• Task directions
Beginning with the line containing "Pure joy and" and ending with the line containing "截至15:31,现货黄金价格", write out each line of the records below exactly; pictures and lines outside that range are left out.

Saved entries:

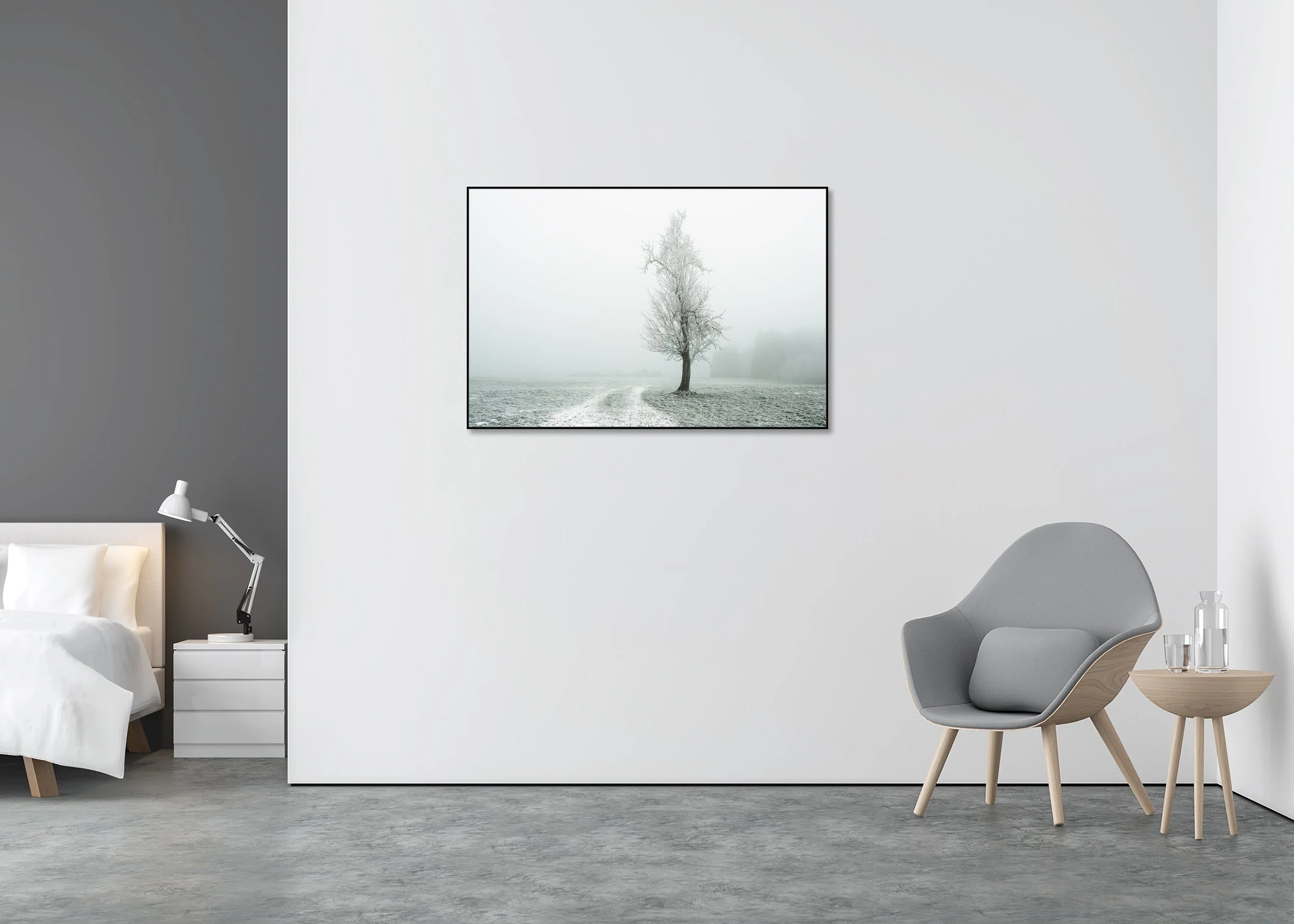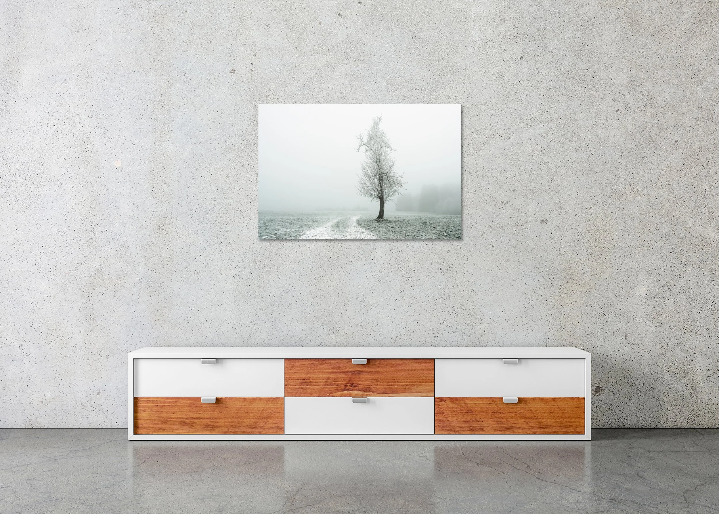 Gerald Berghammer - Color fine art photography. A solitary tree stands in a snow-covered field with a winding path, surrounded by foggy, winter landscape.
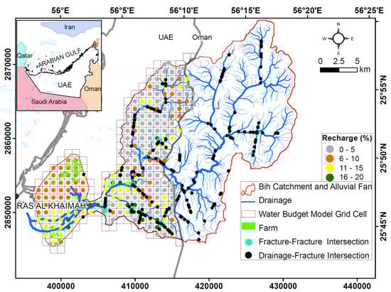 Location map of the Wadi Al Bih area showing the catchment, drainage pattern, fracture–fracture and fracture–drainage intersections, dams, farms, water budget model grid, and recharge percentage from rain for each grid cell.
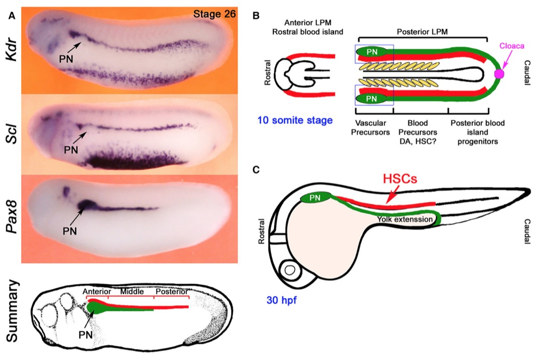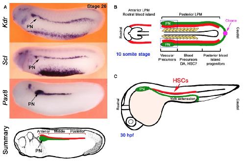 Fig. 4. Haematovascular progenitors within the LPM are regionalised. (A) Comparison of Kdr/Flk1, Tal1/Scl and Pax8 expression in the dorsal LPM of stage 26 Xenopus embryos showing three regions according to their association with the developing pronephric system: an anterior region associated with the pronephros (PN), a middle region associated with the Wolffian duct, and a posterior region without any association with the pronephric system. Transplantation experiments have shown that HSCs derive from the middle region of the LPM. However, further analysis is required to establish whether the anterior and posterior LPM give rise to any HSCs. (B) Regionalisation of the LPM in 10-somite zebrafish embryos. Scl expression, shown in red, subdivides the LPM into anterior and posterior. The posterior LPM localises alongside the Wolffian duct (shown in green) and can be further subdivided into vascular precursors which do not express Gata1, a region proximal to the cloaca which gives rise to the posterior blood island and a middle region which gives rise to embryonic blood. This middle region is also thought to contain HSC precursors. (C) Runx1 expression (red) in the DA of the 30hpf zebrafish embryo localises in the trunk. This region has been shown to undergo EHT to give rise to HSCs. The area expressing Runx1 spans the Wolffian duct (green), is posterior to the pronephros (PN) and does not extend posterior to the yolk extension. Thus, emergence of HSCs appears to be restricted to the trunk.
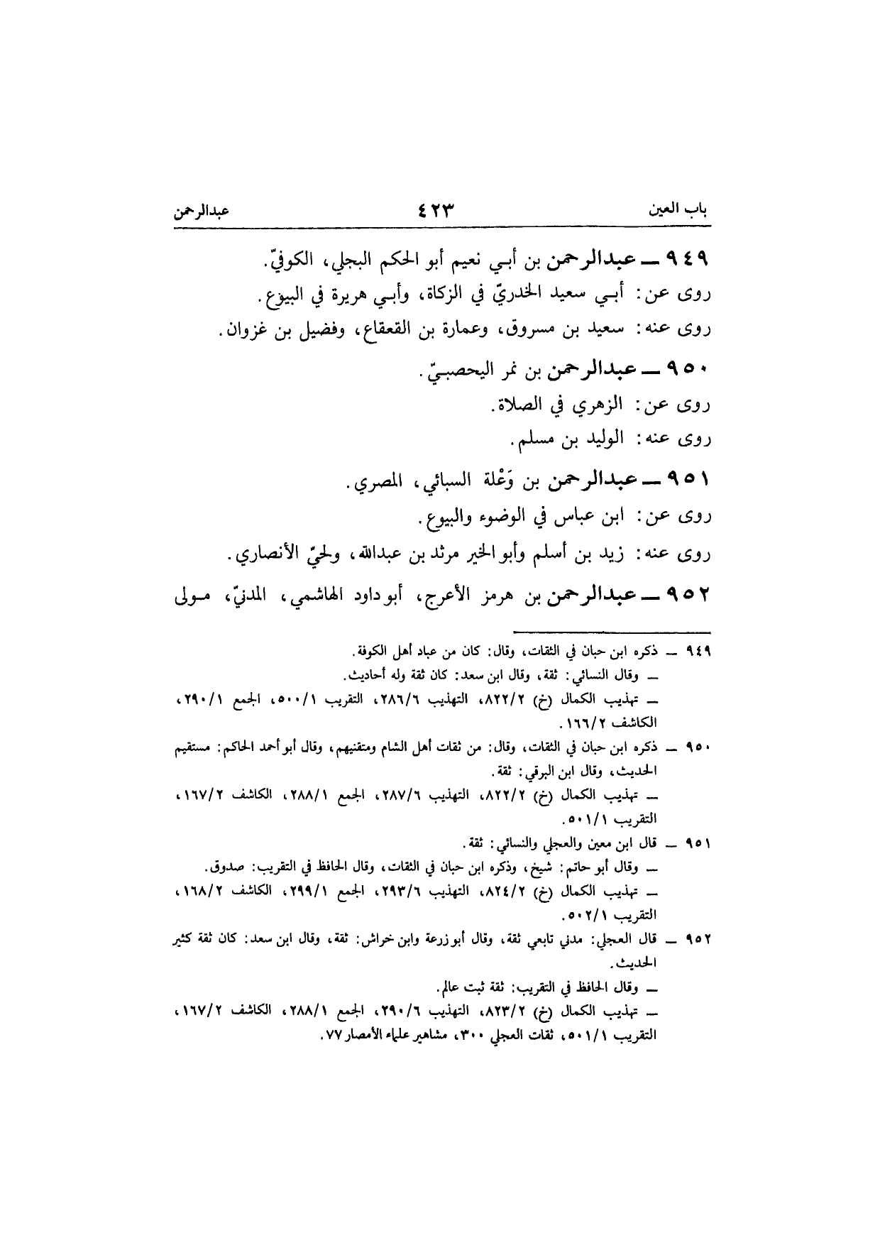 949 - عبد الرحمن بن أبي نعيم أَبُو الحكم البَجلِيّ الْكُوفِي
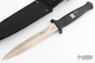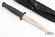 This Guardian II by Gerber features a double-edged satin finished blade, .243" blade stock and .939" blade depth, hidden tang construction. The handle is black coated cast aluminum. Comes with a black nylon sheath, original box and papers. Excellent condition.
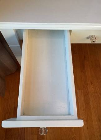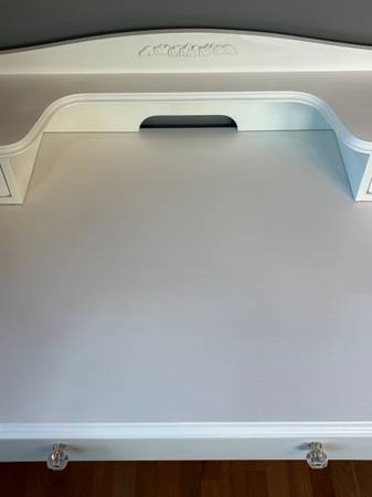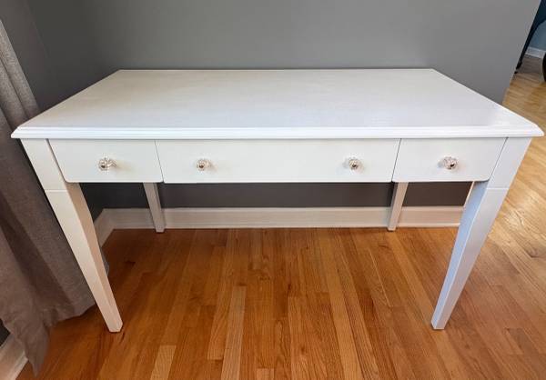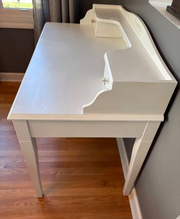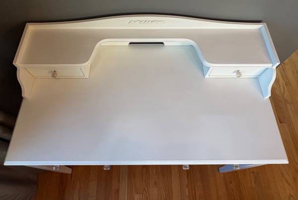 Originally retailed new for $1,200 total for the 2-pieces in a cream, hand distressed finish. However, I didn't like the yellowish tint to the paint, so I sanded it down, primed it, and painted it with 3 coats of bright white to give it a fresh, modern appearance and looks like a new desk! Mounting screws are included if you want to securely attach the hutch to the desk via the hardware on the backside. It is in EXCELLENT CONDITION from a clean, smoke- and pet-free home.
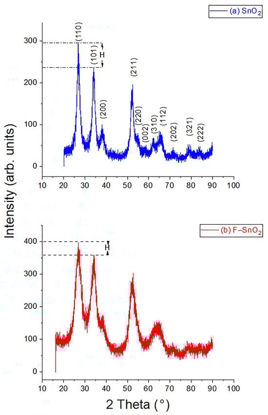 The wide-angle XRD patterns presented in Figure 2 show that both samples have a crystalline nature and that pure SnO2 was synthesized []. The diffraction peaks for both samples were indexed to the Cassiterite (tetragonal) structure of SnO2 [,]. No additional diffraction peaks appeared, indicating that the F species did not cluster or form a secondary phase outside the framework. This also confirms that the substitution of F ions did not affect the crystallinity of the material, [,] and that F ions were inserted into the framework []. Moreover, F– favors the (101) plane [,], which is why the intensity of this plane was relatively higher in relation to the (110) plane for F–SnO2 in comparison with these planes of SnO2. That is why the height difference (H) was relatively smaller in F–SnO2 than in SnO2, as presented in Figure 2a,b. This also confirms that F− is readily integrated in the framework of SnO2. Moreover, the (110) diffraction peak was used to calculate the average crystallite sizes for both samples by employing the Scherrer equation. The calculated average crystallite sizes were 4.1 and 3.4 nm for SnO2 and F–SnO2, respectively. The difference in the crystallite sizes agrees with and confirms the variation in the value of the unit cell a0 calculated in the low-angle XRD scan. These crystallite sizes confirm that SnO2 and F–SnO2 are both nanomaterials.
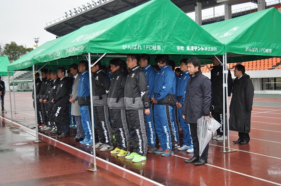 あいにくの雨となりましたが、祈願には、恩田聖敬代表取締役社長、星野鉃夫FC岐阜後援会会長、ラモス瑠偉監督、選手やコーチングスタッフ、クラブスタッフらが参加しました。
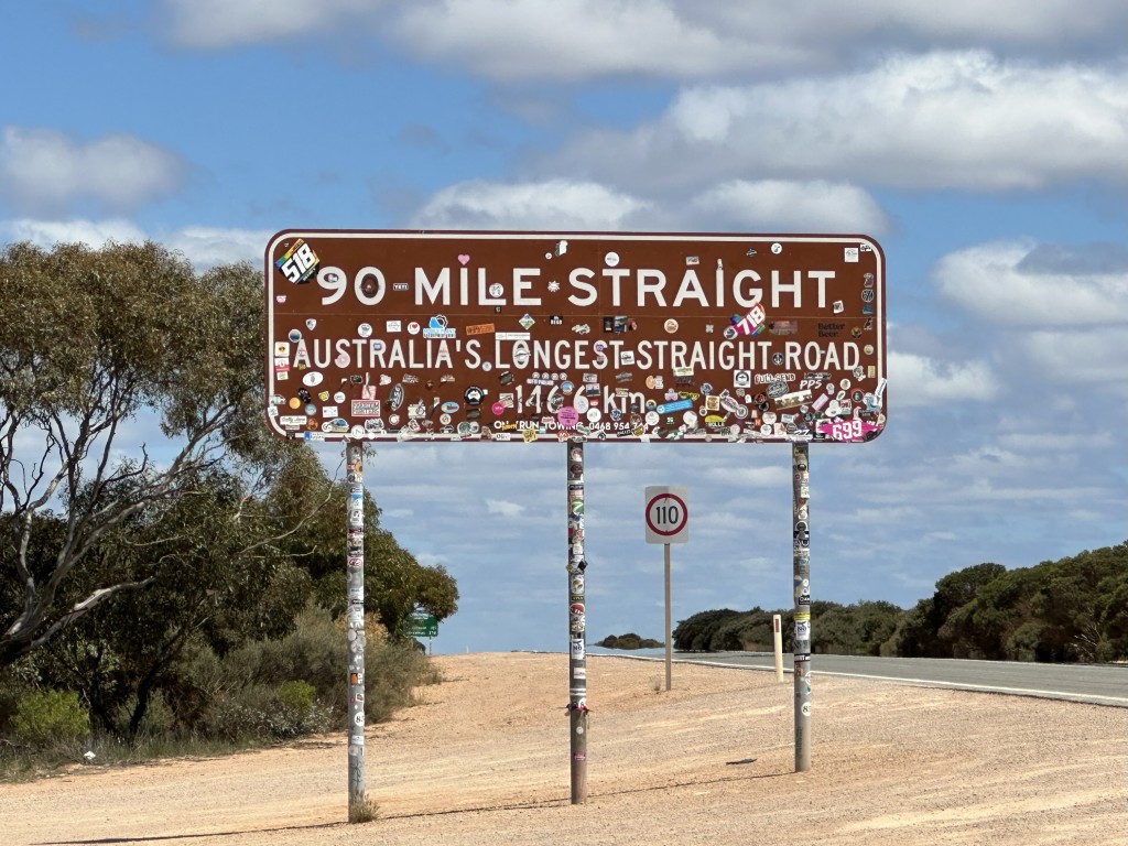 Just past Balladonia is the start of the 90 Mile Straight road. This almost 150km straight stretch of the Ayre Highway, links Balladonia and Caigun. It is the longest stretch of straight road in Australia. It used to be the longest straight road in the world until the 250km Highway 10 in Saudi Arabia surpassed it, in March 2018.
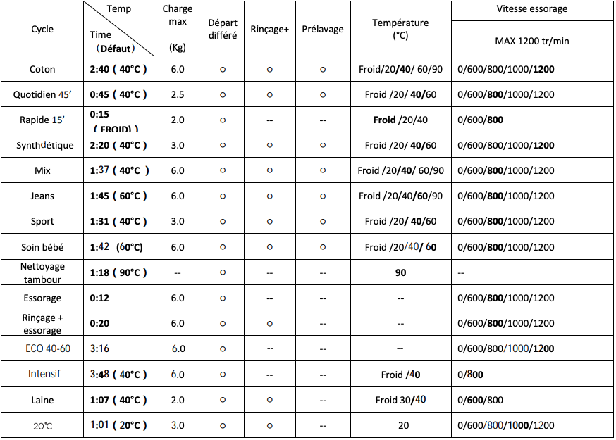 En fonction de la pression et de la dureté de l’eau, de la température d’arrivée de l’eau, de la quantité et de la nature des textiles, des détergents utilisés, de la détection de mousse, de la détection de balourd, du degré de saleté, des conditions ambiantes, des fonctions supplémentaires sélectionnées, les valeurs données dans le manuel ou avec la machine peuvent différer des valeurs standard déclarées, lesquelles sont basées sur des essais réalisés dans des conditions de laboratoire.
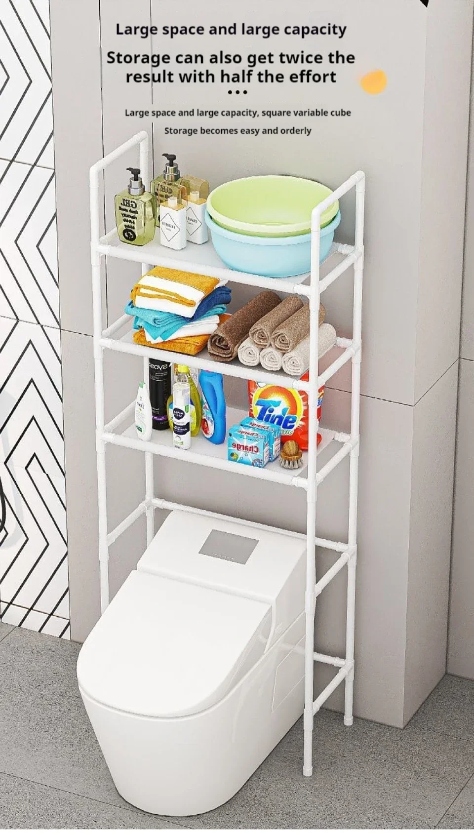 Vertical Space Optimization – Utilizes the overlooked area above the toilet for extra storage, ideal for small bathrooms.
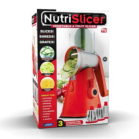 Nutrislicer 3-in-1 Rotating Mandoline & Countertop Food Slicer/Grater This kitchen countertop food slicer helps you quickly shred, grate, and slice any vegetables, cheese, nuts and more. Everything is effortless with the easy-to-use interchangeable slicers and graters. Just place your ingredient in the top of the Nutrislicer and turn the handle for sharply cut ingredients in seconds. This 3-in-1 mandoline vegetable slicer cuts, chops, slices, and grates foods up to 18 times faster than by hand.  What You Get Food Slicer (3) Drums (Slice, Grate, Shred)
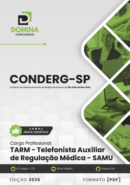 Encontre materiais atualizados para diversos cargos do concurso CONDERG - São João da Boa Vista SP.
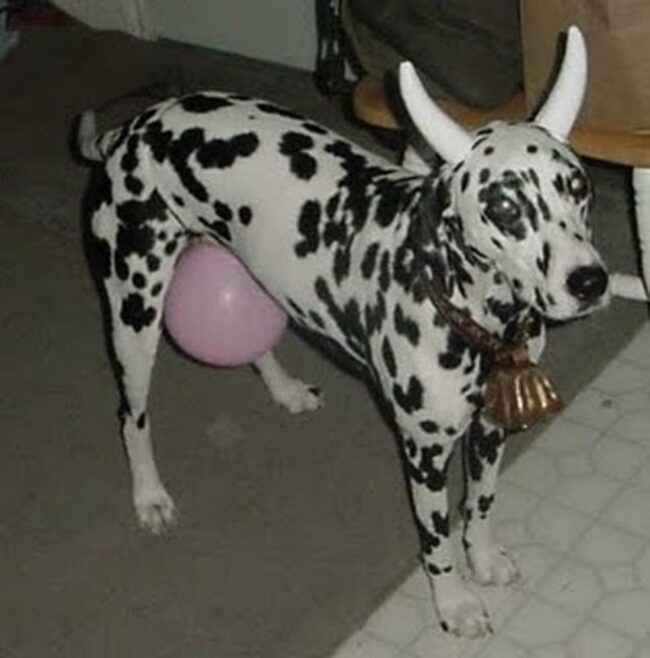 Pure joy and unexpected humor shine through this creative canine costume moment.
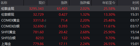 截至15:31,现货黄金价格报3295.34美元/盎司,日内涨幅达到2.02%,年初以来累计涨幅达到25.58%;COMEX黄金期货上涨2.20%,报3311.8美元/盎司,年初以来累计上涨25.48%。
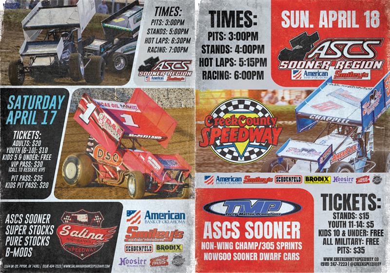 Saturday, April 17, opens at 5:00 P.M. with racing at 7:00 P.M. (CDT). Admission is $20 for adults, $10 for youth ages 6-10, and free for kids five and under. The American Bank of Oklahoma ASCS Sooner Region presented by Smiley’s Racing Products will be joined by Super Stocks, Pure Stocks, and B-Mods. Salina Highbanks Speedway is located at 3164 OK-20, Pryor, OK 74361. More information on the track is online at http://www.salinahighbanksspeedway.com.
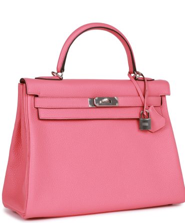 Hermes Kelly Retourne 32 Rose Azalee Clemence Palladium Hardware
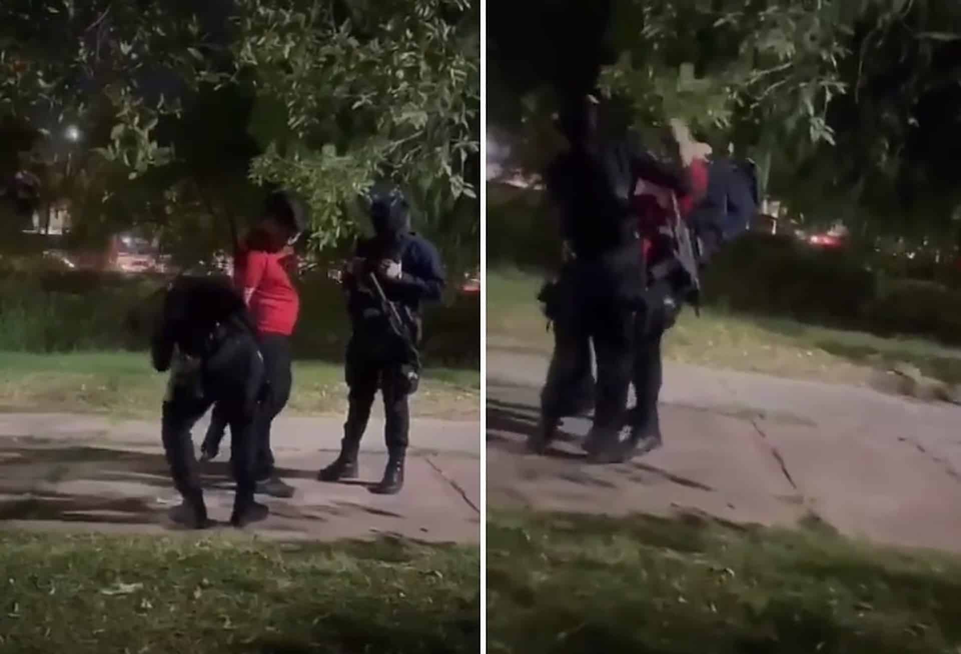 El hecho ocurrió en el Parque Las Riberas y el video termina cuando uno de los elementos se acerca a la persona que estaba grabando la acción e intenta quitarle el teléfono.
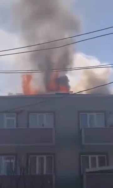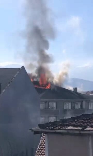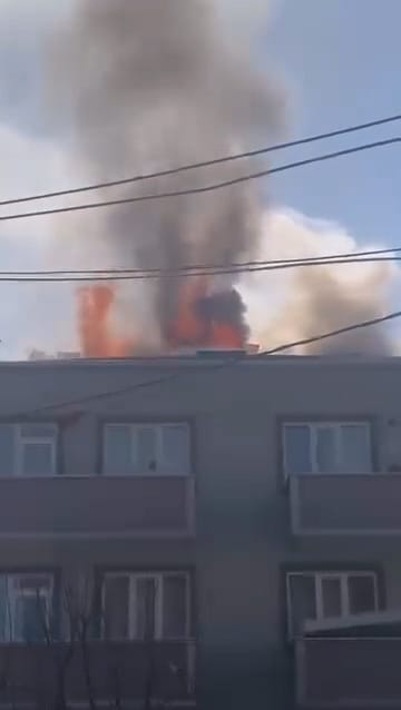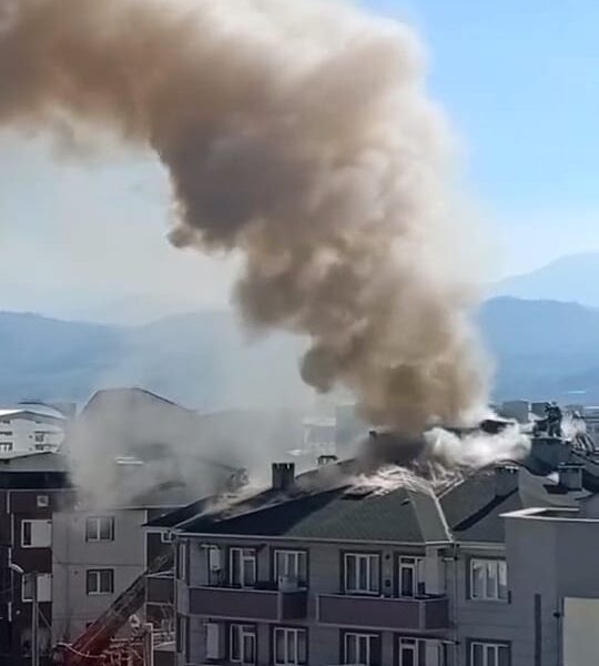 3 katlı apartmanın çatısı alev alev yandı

• Answer to the problem
 Pure joy and unexpected humor shine through this creative canine costume moment.
 截至15:31,现货黄金价格报3295.34美元/盎司,日内涨幅达到2.02%,年初以来累计涨幅达到25.58%;COMEX黄金期货上涨2.20%,报3311.8美元/盎司,年初以来累计上涨25.48%。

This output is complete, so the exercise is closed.